Dancehall, News

Macka Diamond Says Her Dancehall Career Still Popping, Fans Urged Her To Retire

Macka Diamond says her detractors who are trying to drive her out of the dancehall industry will never succeed as she is in-demand globally, even as her royalties continue to reap her tons of money.

According to Macka Diamond, she has constantly been touring and has even performed in countries that few, if any Jamaicans artistes have toured. “Mi not just singing for Jamaica alone. Mi love Jamaica and this is where mi from but mi a sing to the world,” she said recently on The Fix entertainment program.

The entertainer who recorded her first song at 16, said she has to stand up and be counted because many female deejays as they age, fall prey to the criticisms and age discrimination, and prematurely leave the industry, while their male counterparts remain until they are old and grey.

“When me look pon di man dem, dem a perform till dem old and people still accepting them. Me look good same way; mi no see nuttn wrong wid mi. When me look inna my mirror mi no si no old lady wid no stick and mi no si no problem. Mi still sound good. Mi voice no sound cracky -cracky. Di older mi get, mi a sound sweeter,” she boasted.

“I just left Seychelles, a place in Africa and Mauritius… If me did follow weh people a seh how mi old, I wouldn’t go to South Africa di odda day. I went to couple shows in New York the other day and people were crazy and people were: ‘oh wi glad fi see yuh,” Macka added.

Macka also said some of her songs have been trending in South America, particularly “Play Tune,” which she recorded more than a year ago, which has more than three million YouTube views.

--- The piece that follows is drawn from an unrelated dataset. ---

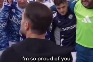 莱奥罚点时,阿莱格里背向球场踱步,球罚进后也很淡定
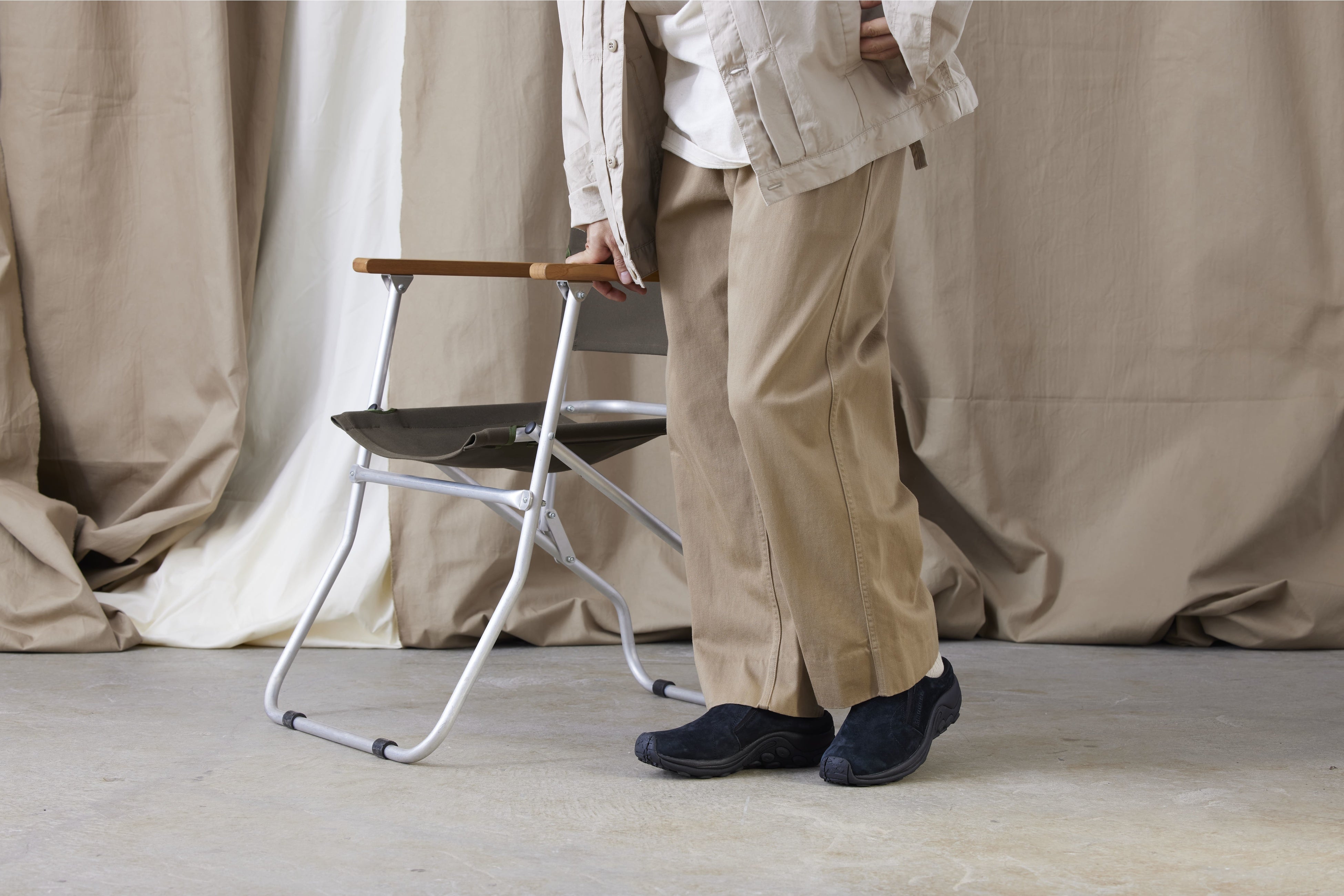 デザインは従来の「JUNGLE MOC」と同様、上質な素材感が特徴の撥水ピッグスキンスエードを採用したことで、アウトドアライクながらも上品さを演出する一足です。また、スライドシューズの特徴とも言える”踵を見せる構造”によって、ソックスとの合わせ方で様々なイメージの履きこなしが可能です。

“It’s a tug of war for me to go to Costa Rica now with the same Play Tune song. It has been number one all over the Spanish countries. Play Chune, dat is one of my biggest royalty cheques right now. I can stay home and don’t go nowhere fi di month and I get cheque offa dat song and it not playing nowhere in Jamaica,” she said.

She said many female artistes, could still be reaping even greater financial benefits if they had refused to be dictated to, or fallen for the ‘age card.’

“Even if mi sing music and mi no get no show, music is selling and dats where I earn my money. A lot a dem don’t understand dat part suh dem just tink seh ‘shi a try fi compete wid di young people dem’. Noooo. I am doing my job; I am selling products. If mi even sing 10 song and put it up online on iTunes, I make money. That’s how I make my money and pay my bills,’ she stated.

She said many people who see her performing in front of small crowds fail to understand that the number of patrons at a venue in many cases has no bearing on how much the artiste is paid.

“A lot of people don’t know and wi seh’ ‘wi see har inna one show wi just 10 people’ but that 10 people just shell dung di bar and no care. When yuh grow up inna di music you will understand dat. People will invite you to all just a wedding and pay you di same amount a money weh yuh get fi deh in front a 20,000 people,” she explained.